The company has grown extremely quickly, moving from one franchise just under two years ago to 24 across Australia.
And now the next target is the United States.
“We are launching at the LA Expo at the start of October and if the expo in Melbourne is any indication - where I got three franchisees - then the equivalent should be 20 to 30 franchises because the show is 10 times bigger,” Harris forecast.
“I’ve given a prediction that with the speed which we covered Australia and the team that we have in America behind us, we should have America covered in three years with about 300 to 350 franchisees. That is about 100 franchisees a year which is quite easy with the team we have over there.
“The growth so far has been pretty phenomenal. It is a story which I haven’t bothered to try and get out there because I wanted to get out there quietly. Because no one else is doing it I wanted to keep it as quiet as I could for as long as I could, but now that we are doing it I am ready to tell the world about it.”
Harris said there were two main challenges to setting up the business – the first was managing the speed of growth and the second was educating customers.
“We were signing up one franchisee every two weeks and I was doing that myself because we didn’t have any sales staff,” he added.
“The challenge was keeping up with the growth and how fast it was.

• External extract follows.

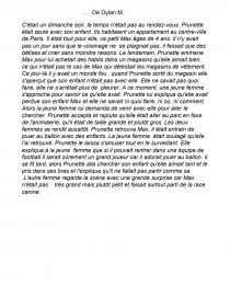 C'était un dimanche soir, le temps n'était pas au rendez-vous. Prunette était seule avec son enfant. Ils habitaient un appartement au centre-ville de Paris. Il était tout pour elle, ce petit Max âgée de 4 ans. Il n'y avait pas un jour sans que le voisinage ne se plaignait pas, il fessait que des bêtises et crier sans moindre raisons. Le lendemain, Prunette emmena Max pour lui achetait des habits dans un magasins qu'elle aimait bien, ce qui n'était pas le cas de Max qui détestait les magasins de vêtement. Ce jour-là il y avait un monde fou , quand Prunette sortit du magasin elle s'aperçut que son enfant n'était pas avec elle. Elle ne savait pas quoi faire, elle ne s’arrêtait plus de pleurer. A ce moment, une jeune femme s'approcha pour savoir ce qu'elle avait. Prunette lui expliqua qu'elle avait perdue son enfant Max et elle ne savait ni quoi faire, ni où, ni comment. Alors la jeune femme lui demanda de venir avec elle pour aller le chercher. Prunette accepta et rajouta qu'elle était aller au parc en face de l'animalerie, qu'il était de taille grande et plutôt gros. Les deux femmes se rendit aussitôt. Prunette retrouva Max, il était entrain de jouer au ballon avec des enfants. La jeune femme était soulagé qu'elle l'ai retrouvé. Prunette le laissa s'amuser tout en le surveillant. Elle expliqua à la jeune femme que si il pouvait rentrer dans une équipe de football il serait sûrement un grand joueur car il adorait jouer au ballon. Il se fit tard, alors Prunette alla chercher son enfant qu'elle aimait tant et le pris dans ses bras et l'expliqua qu'il ne fallait pas partir comme sa.

Last December I had one employee taking phone calls and now we have eight.”
Harris is also ploughing revenue into advertising the service on radio and television and he said the effort was slowly being rewarded.
“We have now shown that there are more people going into Google and typing ‘hire a box’ instead of ‘moving boxes’ or ‘packing boxes’,” he said.
“Before, no one knew you could hire boxes.”
And all this at an age when most would start thinking of cutting back.
“It doesn’t matter how old you are. At 65 most people are thinking of retiring but I am ready to take on the world,” Harris laughed.
“It is going to be an exciting journey and I am looking forward to it very much.”